Hospira Injectable Drug Manufacturer Issues Two Nationwide Recalls

Hospira, the leader of sterile injectable drugs, has discovered problems with multiple lots of its drugs and one of its medical products.  In the last few weeks, Apotex, the company who markets Hospira’s products, has issued two nationwide recalls:  one for Piperacillin and Tazobactum for injection and the other for Hospira’s GemStar Infusion System.  Both the company and the FDA have alerted health care providers of the issues.

On April 29, the FDA announced a Class I recall of the GemStar Infusion System.  The device is used for intravenous, arterial, subcutaneous, short-term infusion and parenteral administration of general IV fluids and medications.  Patients can use the device at home or in the hospital, as the system is small and lightweight.  According to the recall, however, the lithium battery voltage may drop below 2.4 volts and interrupt the system operations.  The disruption also can delay the patient’s therapy, which can result in significant injury or death, depending on the patient’s condition.

During the following week, Apotex issued another recall on behalf of Hospira for 21 lots of Piperacillin and Tazobactam for Injection.   Although the company had originally recalled 15 lots, the FDA added another six lots on May 10.  The drugs, which are used to treat severe infections, can potentially show precipitation/crystallization in the IV bag or IV line after reconstitution.  As a result patients may suffer from phlebitis, renal impairment, end-organ embolism and ischemia.  Additionally, patients may not get the proper treatment for infection, which can potentially lead to minor or permanent impairment of the body structure or function.   

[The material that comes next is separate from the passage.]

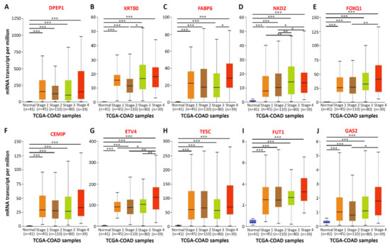 The relationship between mRNA expressions of the top 10 upregulated CRC-associated genes and the individual cancer stages. Individual cancer stages from 274 TCGA-colon adenocarcinoma (COAD) samples include stage 1 to stage 4. The figure presented in (A–J) to show the mRNA expressions of 10 upregulated CRC-associated genes changed across all the tumor stages of COAD samples. * p < 0.05, ** p < 0.01, *** p < 0.001.

Patients who use the GemStar Infusion System may want to consider use of another product if a delay or interruption in the therapy can result in significant injury or death.  The internal AA batteries and battery compartments should be inspected for signs of leakage, corrosion, or other damage prior to each use to ensure that the power remain on.  If an individual notices damage caused by leaking batteries, they can return it to Hospira for repair.

Hospira is investigating the cause of the problems with Piperacillin and Tazobactam.  Health care providers and customers who have the recalled product should immediately stop use and distribution, quarantine the recalled lots immediately and call GENCO at 1-877-674-2078 to schedule product return.